Using Stat/Transfer
You can use Stat/Transfer under Win4lin to convert any SAS dataset to Stata (probably works best - allows for long variable names and does not put blanks at end of variable labels; import into R using
stata.get) or SPSS (use
spss.get in R). You can copy the Stat/Transfer program files to linux (e.g., under the directory
~/bin/st) and run them fine under linux using the command
st after defining the following alias in your
.bashrc file:
alias st='wine ~/bin/st/st32w.exe &'
This works best if you do not have many files to translate.
Using the SAS Viewer
The SAS Viewer can read
sas7bdat files and export the dataset into a
csv file. See
http://biostat.mc.vanderbilt.edu/twiki/bin/view/Restricted/RestrictedSoftware for more information about getting the viewer and using it under Linux. Soon instructions will be added here for how to use the SAS viewer to export SAS metadata along with the data and to use both of these files in importing SAS data into R.
If You Have Access to SAS
Creating a SAS Data Library Suitable for Importing into R
LIBNAME d engine "directoryname"; * Use LIBNAME d SASV5XPT "foo.xpt"; to create transport files;
DATA d.dataset1; ....
DATA d.dataset2; ...
/* If the datasets are already created but you only want to export a
subset of them do something like the following instead */
LIBNAME old "olddirectoryname";
PROC COPY IN=old OUT=work; SELECT data1 data2 data3; RUN;
PROC FORMAT CNTLOUT=d.formats;RUN; * If used any PROC FORMAT ...; VALUE ...;
* Can use CNTLOUT=formats if writing to work area;
* work can be the first argument given to the macro;
Note: If you used a newer version of SAS to create the dataset and used variable names longer than 8 characters, you'll need to specify the following option to SAS to allow truncation of names to 8 characters for creating a version 5 export file:
OPTIONS VALIDVARNAME=V6;
Running SAS Job to Create csv Files
%INCLUDE "foo\exportlib.sas"; * Define macro;
LIBNAME d ...; * E.g. LIBNAME d SASV5XPT "foo.xpt";
/* To use regular SAS datasets (non-transport files) use for example
LIBNAME d "olddirectory"; or LIBNAME d "."; (current working directory);*/
%exportlib(d, outdir, tempdir);
* Default outdir is . (current working directory);
* Default tempdir is C:/WINDOWS/TEMP;
This creates a
.csv file in
tempdir for every SAS dataset in
d (including the
PROC FORMAT output if any) plus a file called
_contents_.csv containing
PROC CONTENTS output for all datasets combined.

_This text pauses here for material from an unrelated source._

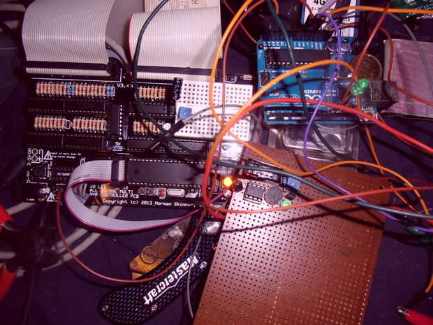Estoy trabajando en un módulo de música activa que puede Agregar a nuestros 32A con cubos (Arduinoites lo siento!) y puede construir en mi próxima versión PCBoard - pero que puede ser por lo menos un mes. Derecho, es sólo en la etapa de "prueba de concepto". Se ve prometedor, pero hay un montón de trabajo por hacer todavía y muchos diseños de circuitos para probar. Me gustaría hacer básicamente algo que es todo analógico pero no he hecho ningún análogo en un tiempo, por lo que en este momento, mis prototipos un Arduino o ATTiny85 alimentación los gatillos de música al cubo. Creo que es demasiado divertido afinar el código en 2 controladores para obtener los resultados que quiero, por eso quiero eliminar el controlador externo y alambre duro solo todo. La otra cuestión es que las entradas restantes solamente en la 32A son pines digitales en PORT D, y realmente no quiero volver a codificar todo para liberar un pin a puerto. Son todos felices que sirve como salida de datos para los seguros.

_contents_.csv allows the SAS data import to know about variable labels, formats, and types (including date, time, date/time variables). Under Windows, this SAS job will run much faster if you store the SAS commands in a file such as
exportsas.sas and you left click on
exportsas.sas then click on BATCH SUBMISSION. After the job finishes you will see file
exportsas.log in the same directory as
exportsas.sas. The only error messages you should see are related to missing formats - ignore these.

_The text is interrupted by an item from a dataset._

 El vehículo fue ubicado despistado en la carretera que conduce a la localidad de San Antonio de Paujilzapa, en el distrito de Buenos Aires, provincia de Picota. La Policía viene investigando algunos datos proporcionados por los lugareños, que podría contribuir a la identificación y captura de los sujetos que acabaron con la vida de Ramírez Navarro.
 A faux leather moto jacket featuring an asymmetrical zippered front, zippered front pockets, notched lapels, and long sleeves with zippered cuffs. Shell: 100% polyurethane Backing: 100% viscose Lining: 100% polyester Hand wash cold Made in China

Here are simple examples in which a single SAS dataset is exported to directory
C:my/sascsv and there are no PROC FORMAT value labels. First consider the case where the dataset is the only dataset in the permanent data library.

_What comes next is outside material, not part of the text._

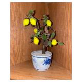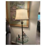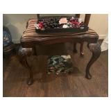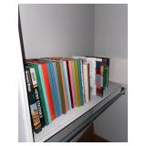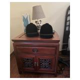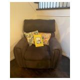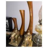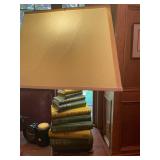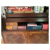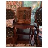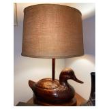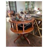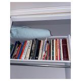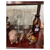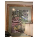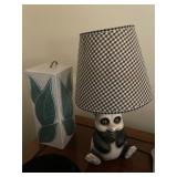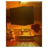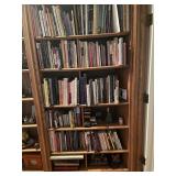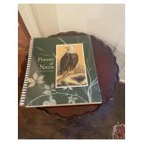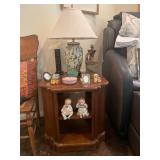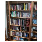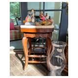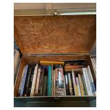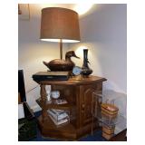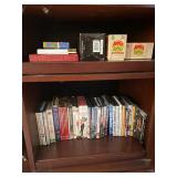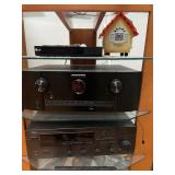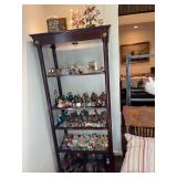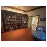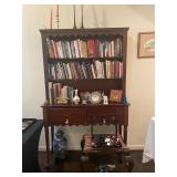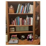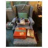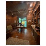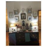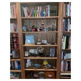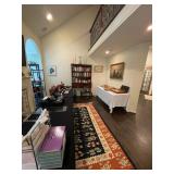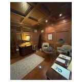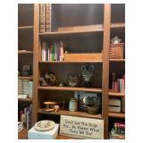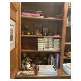 Library Small veneered table, Blue animal print chase lounge, throw pillows, Sunset watercolor by Patricia Meyers, large selection of books, ceramic lamp, painted glass butterfly lamp, Boyds Bears and friends, cassettes, hand engraved duck box, vintage scale, music box, peacock plates, soldiers in glass jar, stuffed animals, teddy bear lamp, wooden seal, sheriff coasters, bonsai tree, H.L. McGregor Jr national twish drill and tool co, Sand jars, glass duck lamp, duck figurines, glass decanter, wooden dog figurine, glass jars, book safes, wooden stool, brass Rockinghorse, small lemon tree, Norman Rockwell plate, willow tree hug box, crystal and brass duck, penguin statue, LG DVD player, Marantz AV surround receiver, Yamaha natural sound stereo receiver, CDs, speaker, glass display shelf

LIBNAME d "."; * SAS datasets are in current working directory;
%exportlib(d, C:my/sascsv);
If the permanent data library has more than one SAS dataset but you only want to export one of them, say ds1, use for example
LIBNAME d "projects/mydatasets"; * SAS datasets are somewhere else;
DATA ds1; SET d.ds1; RUN;
%exportlib(work, C:my/sascsv);
Importing Data into R
d <- sasxport.get(file, method='csv')
# file is name of directory containing all the .csv files created by exportlib
This will produce a single data frame
d if only one
.csv file existed, or a list of data frames whose major elements are named by lower case versions of all the SAS datasets, with underscores replaced by periods.